― Да черт с тобой! ― вслух сказал я переправе. Именно так же меня мучила пустота после гибели Ражиты, и так же мучила несуществующая вина перед братом Сашей. Все было далеко, и все было будто выдумано. Подлинными были только батарея в сожженной деревне, ночь с луной и желание снять сапоги, а потом плеснуть в лицо водой. “Черт с тобой, отстань! Мне вот сапоги надо снять!” ― с нажимом сказал я переправе.
И я придумал их снять, зажав поочередно пятку в спицах орудийного колеса.
― Вот то-то! ― при этом сказал я.
Один сапог я снял более-менее благополучно. А на другом оторвал подошву. Она оказалась совсем сгнившей. Я махнул рукой, оставил сапоги в покое.

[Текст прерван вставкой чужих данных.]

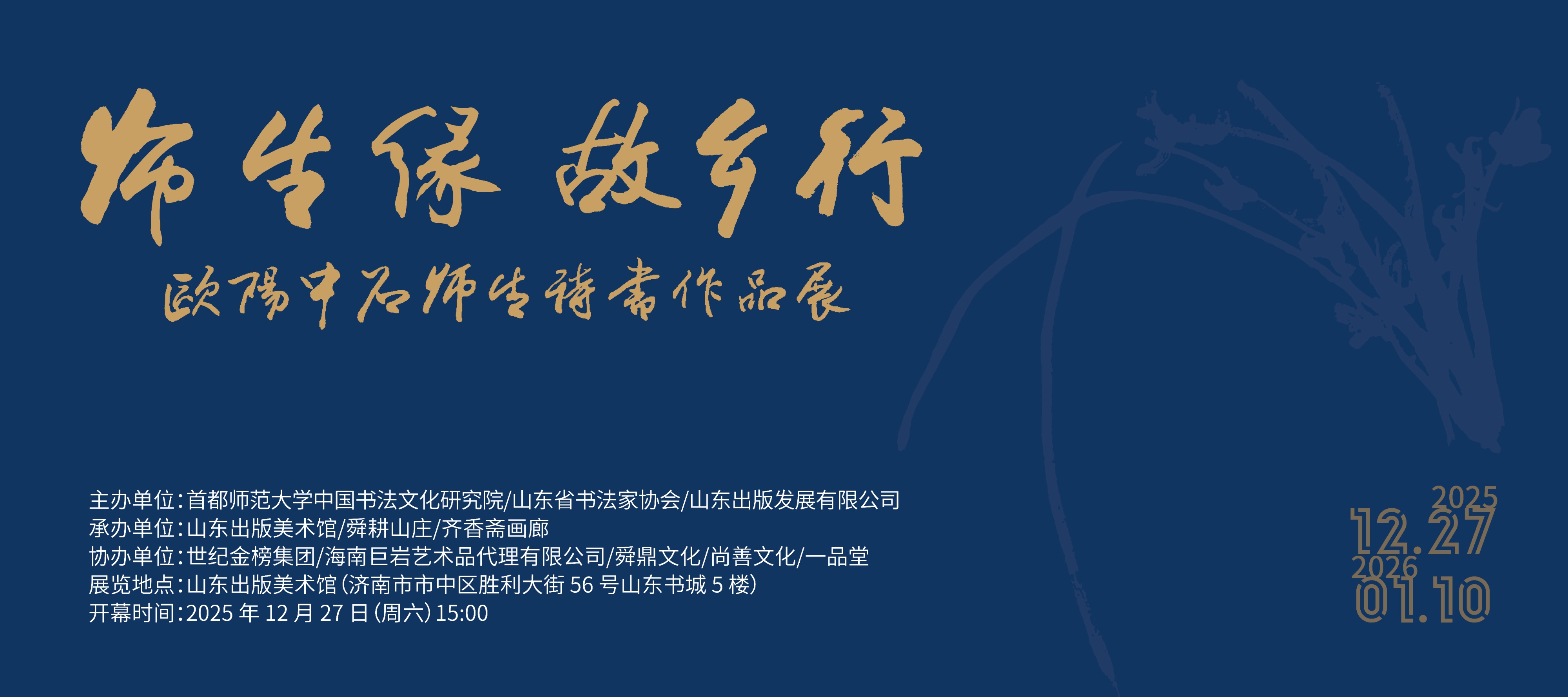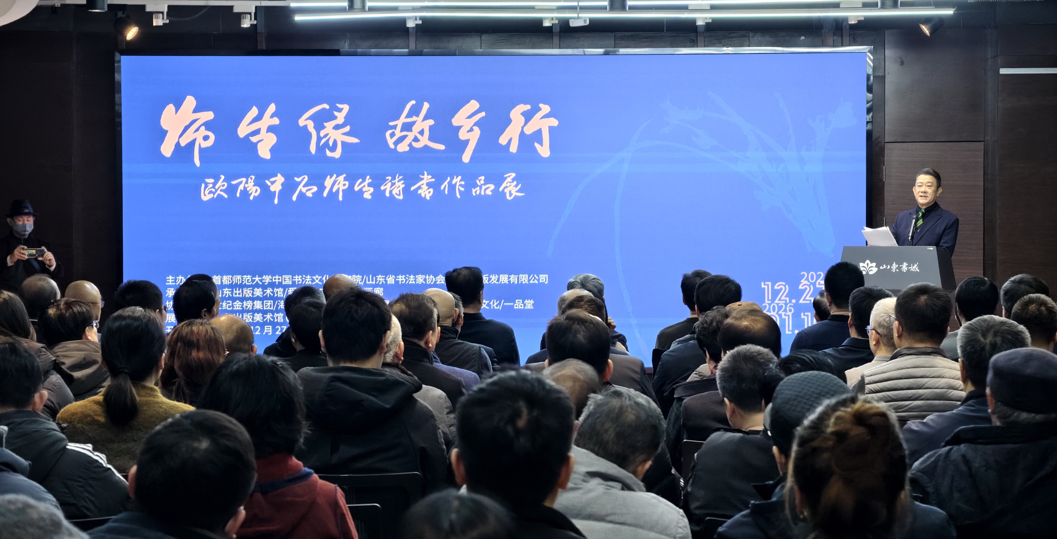 2025年12月27日,“师生缘·故乡行——欧阳中石师生诗书作品展”在山东出版美术馆盛大开幕。本次展览由首都师范大学中国书法文化研究院、山东省书法家协会、山东出版发展有限公司联合主办,山东出版美术馆、舜耕山庄、齐香斋画廊承办,世纪金榜集团、海南巨岩艺术品代理有限公司、舜鼎文化、尚善文化、一品堂协办。

Земля была горячей. Я, босой, пошел искать воду, вспомнил Локая, вернулся за брезентовым ведерком. Кони снуро стояли, привязанные несколькими табунками повзводно. Локай был при первом взводе. Среди гнедых кабардинцев он, вороной, выделялся более темным пятном. Я вспомнил рекомендацию ветеринара Ивана Васильевича. Признать ее выполнимой было невозможно. Вся батарея, все чины штаба и все находящиеся по надобности в штабе оставили бы свои занятия и во все глаза выперлись бы на меня, на козу, на Локая, сначала поодиночке, в руку, всхохатывая, а потом разражаясь ревом на всю Персию. Я обругал Ивана Васильевича, а потом сам захмыкал над своей доверчивостью.
Батарея, оказывается, спала не вся.
― Неужто кончилось? ― говорил кто-то, вероятно, своему закадычному другу. ― Здесь маленько поживее сторона-то. Спаси Бог снова туда попереться. Веришь, нет, кунак, а я совсем издыхал. Я думал, умом тронусь, как кто-то из драгунцов. Вот как пить мне хотелось. Веришь, нет, кунак, я в котелок помочился и выпил. Это же до какой ненадобости надо себя довести, чтобы начать пить-ись себя же самого!
― Вот Маремьяне своей дома расскажешь, дак и будешь спать со скотиной! ― попытался посмеяться кунак.
― А вот скажи, дядя, ― говорил молодой голос в другом месте. ― Вот хто они таки, ныгличане? Это обчество такое, ну, я хотел сказать, страна это такая или умозаключение такое?
В Хракеринском моем госпитале так же точно солдатики удивлялись горному климату, при котором на их позициях мела метель, а у меня внизу была влажная духота. “Одно слово, Индия!” ― говорили они. И сейчас, вспомнив их и слушая молодого ездового, я ощутил сильный, насколько можно было при общем нашем отупении, стыд за глухую и непроходимую нашу темноту, которая одна только и давала нам возможность терпеть то, чего ни один другой народ терпеть не был способен. В другое время я это терпение нашего солдата и казака относил к другим причинам ― и более-то к сложившемуся веками национальному характеру страны, со всех сторон открытой и постоянно подвергаемой войнам и набегам. А тут при упоминании сих “ныгличан” мне стало стыдно. Они не получили горячего какао и сдались. А мы… Надо было бы переполниться злобой. Я же испытал стыд.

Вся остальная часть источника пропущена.